I have this pattern (I am using php):
'/\[link\=((https?:\/\/)?([\da-z\.-]+)\.([a-z\.]{2,6})([\/\w \.-]*)*\/?)\]/i'
When i search for this string: http://phpquest.zapto.org/users/register.php
The matches are (The order is 0-5):
'[link=http://phpquest.zapto.org/users/register.php]'
'http://phpquest.zapto.org/users/register.php'
'http://'
'phpquest.zapto'
org
''
When I replace the *
with +
inside the last subpattern like that:
'/\[link\=((https?:\/\/)?([\da-z\.-]+)\.([a-z\.]{2,6})([\/\w \.-]+)*\/?)\]/i'
The matches are(The order is 0-5):
'[link=http://phpquest.zapto.org/users/register.php]'
'http://phpquest.zapto.org/users/register.php'
'http://'
'phpquest.zapto'
org
'/users/register.php'
Can someone help me understand the difference?

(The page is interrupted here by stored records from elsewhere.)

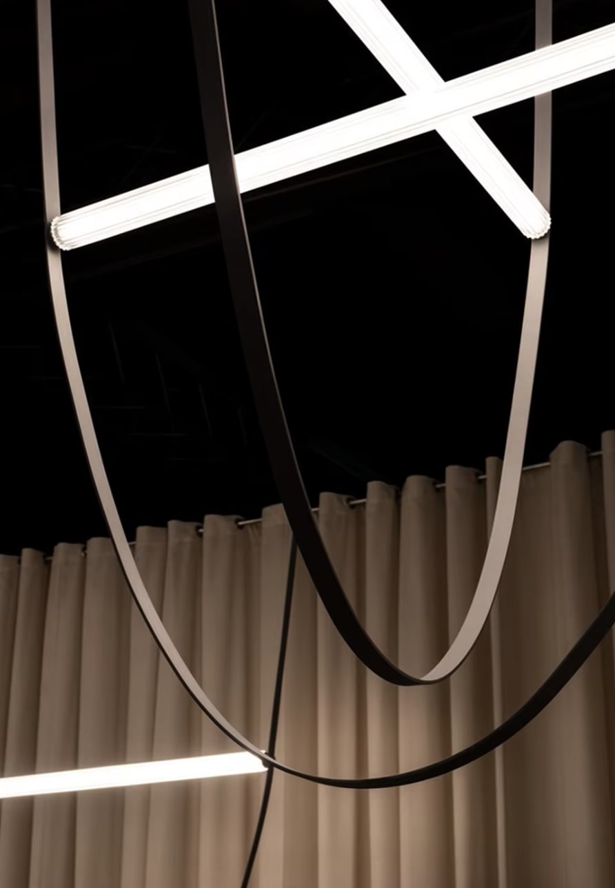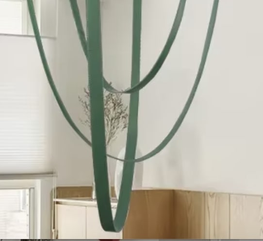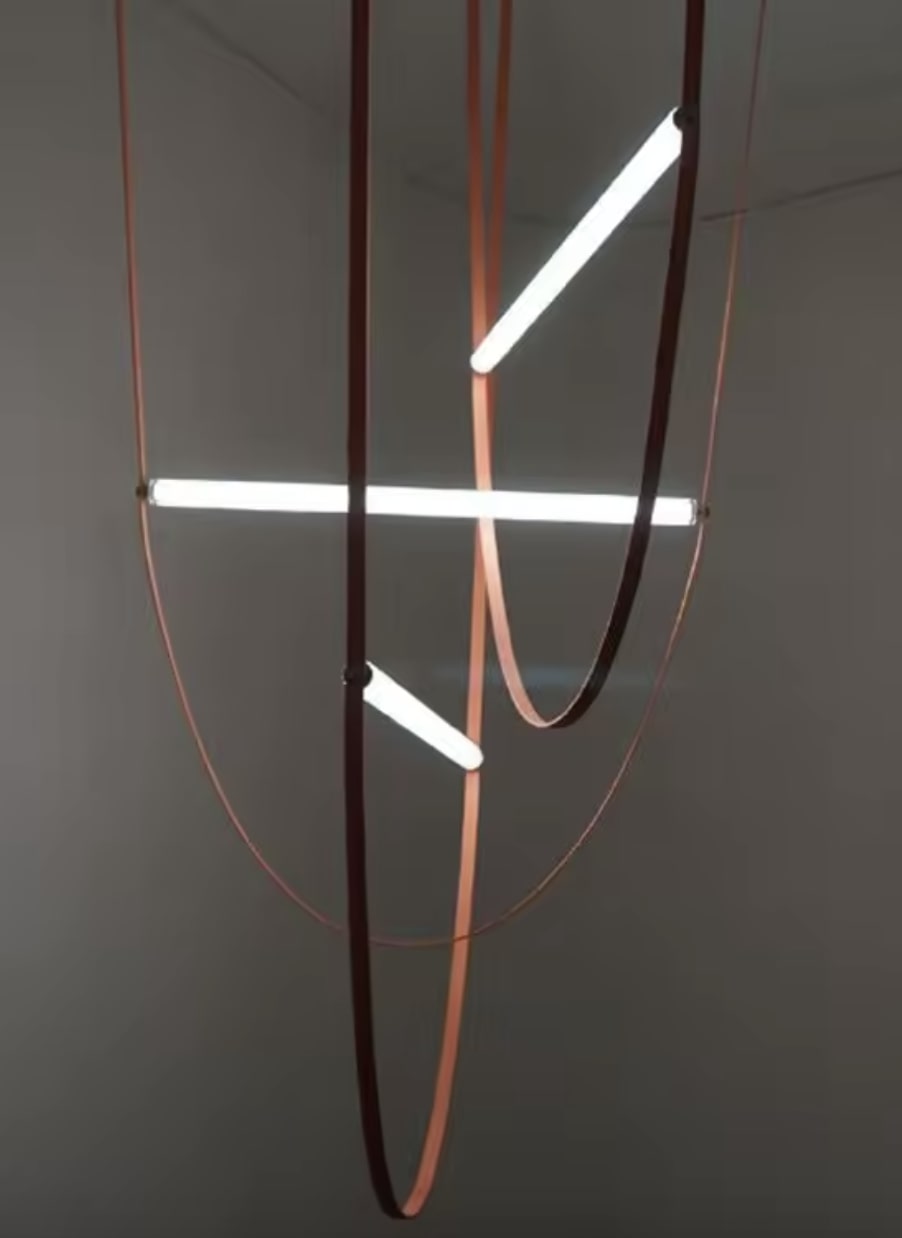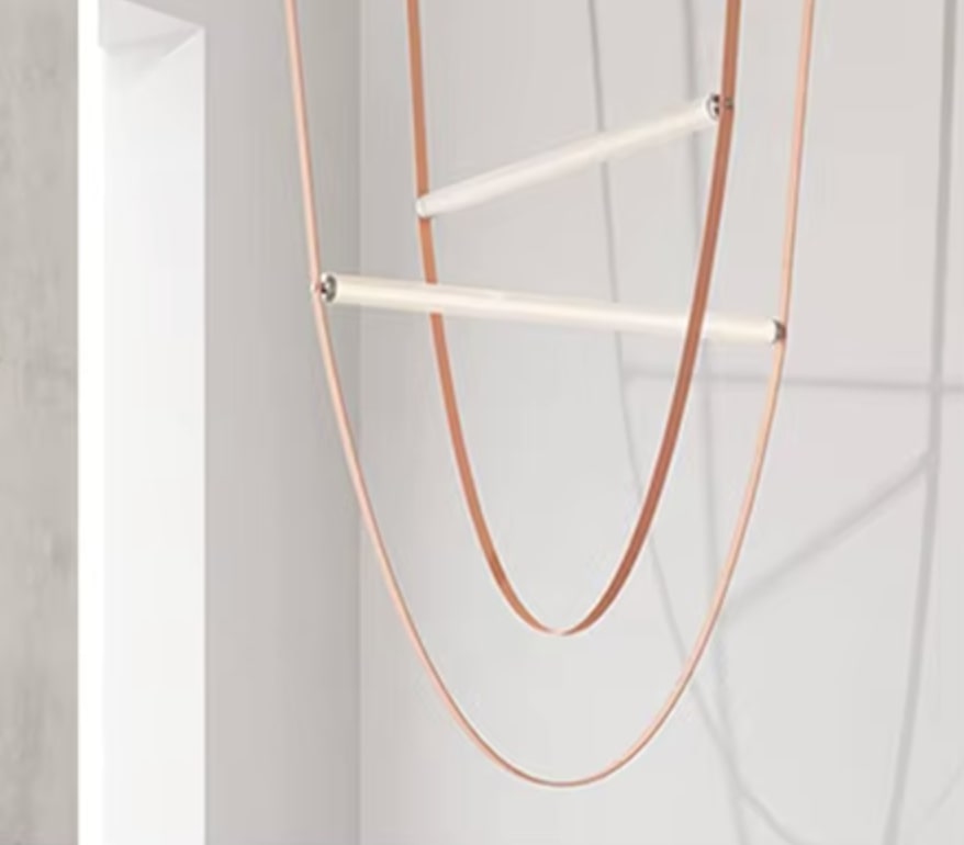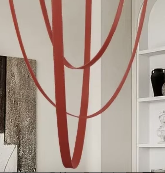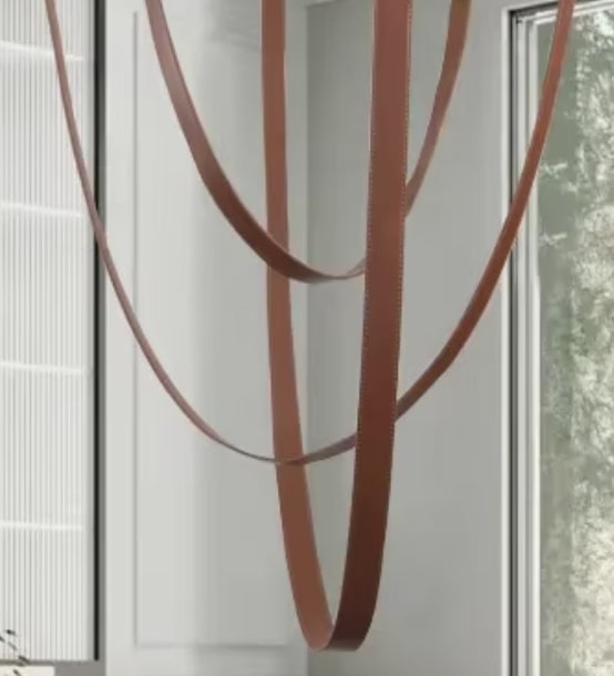 Ta nowoczesna lampa sufitowa LED ze skórzanym pasem ma formę nowoczesnej, rzeźbiarskiej instalacji świetlnej. Jej konstrukcja opiera się na długim, elastycznym pasie, który swobodnie zwisa z sufitu, tworząc miękki, elegancki łuk. Pomiędzy pasami umieszczono smukły, podłużny moduł LED o jasnym, równomiernym świetle. Całość dopełniają dyskretne złote mocowania, nadające lampie wyrafinowany charakter. Dzięki lekkości formy i artystycznemu układowi elementów lampa stanowi efektowny punkt w przestrzeni. Mimo dużych gabarytów lampa wygląda jak minimalistyczna instalacja artystyczna, a nie typowa oprawa.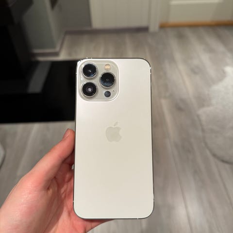 Selger en iPhone 13 Pro i fargen Silver med 128 GB lagring. Telefonen er i helt strøken stand og fremstår som ny – ingen riper, merker eller synlig slitasje.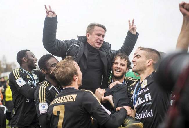 Un an auparavant, avec une technique que l’URSS de Staline n’aurait pas reniée, l’homme d’affaires intègre le conseil d’administration de… l’HJK Helsinki. « Je voulais voir comment fonctionnait le club le plus puissant de Finlande, pour faire progresser le SJK » , nous déclare-t-il. Cette expérience dans le club de la capitale ne durera pas longtemps, les Kehro remportant le titre d’Ykkonen, la deuxième division, en 2013. Le cap est alors mis sur l’élite. Pour un aller-retour dans l’ascenseur ? Certainement pas, avec la détermination et le travail de Sarajärvi, les hommes de Simon Valakari, ancien international finlandais, décrochent la deuxième place et remportent surtout la Coupe de la Ligue et donc un billet en Ligue Europa. Pour une première sur la scène européenne, pas de miracles, mais de l’expérience engrangée. Avec un titre majeur tous les deux ans, c’est évidemment le moment de se mettre à rêver.

Maybe a simpler example is when you compare this to this.
The regexes involved are:
(a*)*
and
(a+)*
And the test string is aaaaaa
.
What happens is that after capturing the main group (in the example I provided, the series of a
's) it attempts to match more, but cannot. But wait! It can also match nothing, because *
means 0 or more times!
Therefore, after matching all the a
's, it will match and catch a 'nothing' and since only the last captured part is stored, you get '' as result of the capture group.
In (a+)*
, after matching and catching aaaaaa
, it cannot match or catch anything more (+
prevents it to match nothing, as opposed to *
) and hence, aaaaaa
is the last match.